------ Given information ------

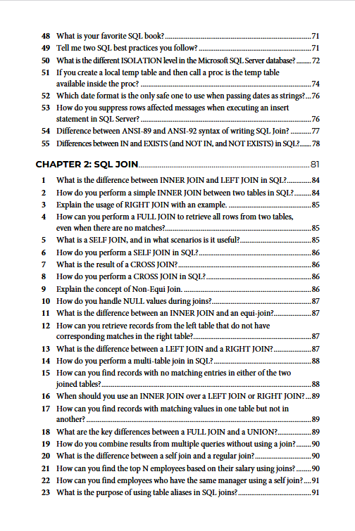 This book contains frequently asked questions and their answer/explanations on essential SQL topics. You can use this book to quickly revise all essential SQL concepts before your interview, both telephonic and face-to-face and you can also use this book to learn SQL in depth.
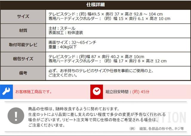 【商品サイズ】テレビスタンド:W49.5xD37xH92.8-104cm
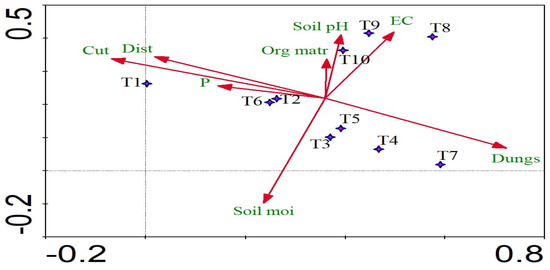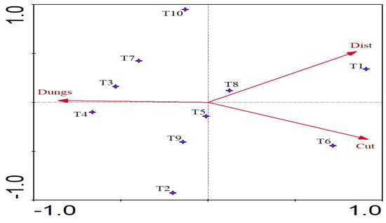 The distribution of sites investigated using DCA tools proved clustering results and also showed that different anthropogenic variables such as animal dungs, nearby construction sites and cut marks have a significant correlation with the study sites. We have assessed the relationship between environmental variables at the sites (Figure 2). CCA by using anthropogenic predictors such as cut marks, animal dung and distance from the nearby construction sites was analyzed (Figure 3). Some previous studies have determined the anthropogenic effect on the other side of the country (Sarwar and Qaiser 2012).
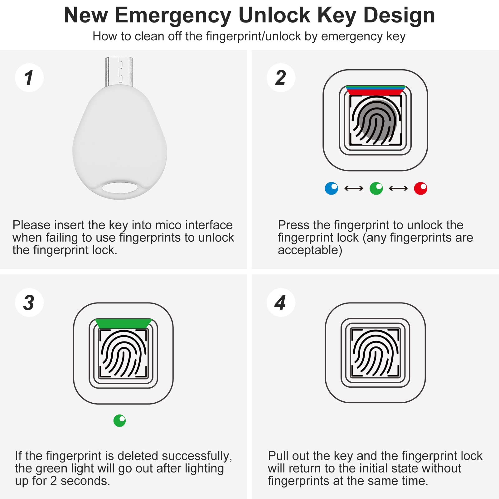 • 【360° Fingerprint Recognition】-- Friendly to kids and elderly, no need for an app, key, or Bluetooth. Just follow the direction in the guidebook to enter or delete the fingerprint, Move the finger at multiple angles when entering the fingerprints, to better recognize the fingerprint when unlocking

------

[What the exercise asks] Exactly as written, give again every line from the one containing "The distribution of" through the last line of the material, both included, with the pictures left out.

[Task solution]
 The distribution of sites investigated using DCA tools proved clustering results and also showed that different anthropogenic variables such as animal dungs, nearby construction sites and cut marks have a significant correlation with the study sites. We have assessed the relationship between environmental variables at the sites (Figure 2). CCA by using anthropogenic predictors such as cut marks, animal dung and distance from the nearby construction sites was analyzed (Figure 3). Some previous studies have determined the anthropogenic effect on the other side of the country (Sarwar and Qaiser 2012).
 • 【360° Fingerprint Recognition】-- Friendly to kids and elderly, no need for an app, key, or Bluetooth. Just follow the direction in the guidebook to enter or delete the fingerprint, Move the finger at multiple angles when entering the fingerprints, to better recognize the fingerprint when unlocking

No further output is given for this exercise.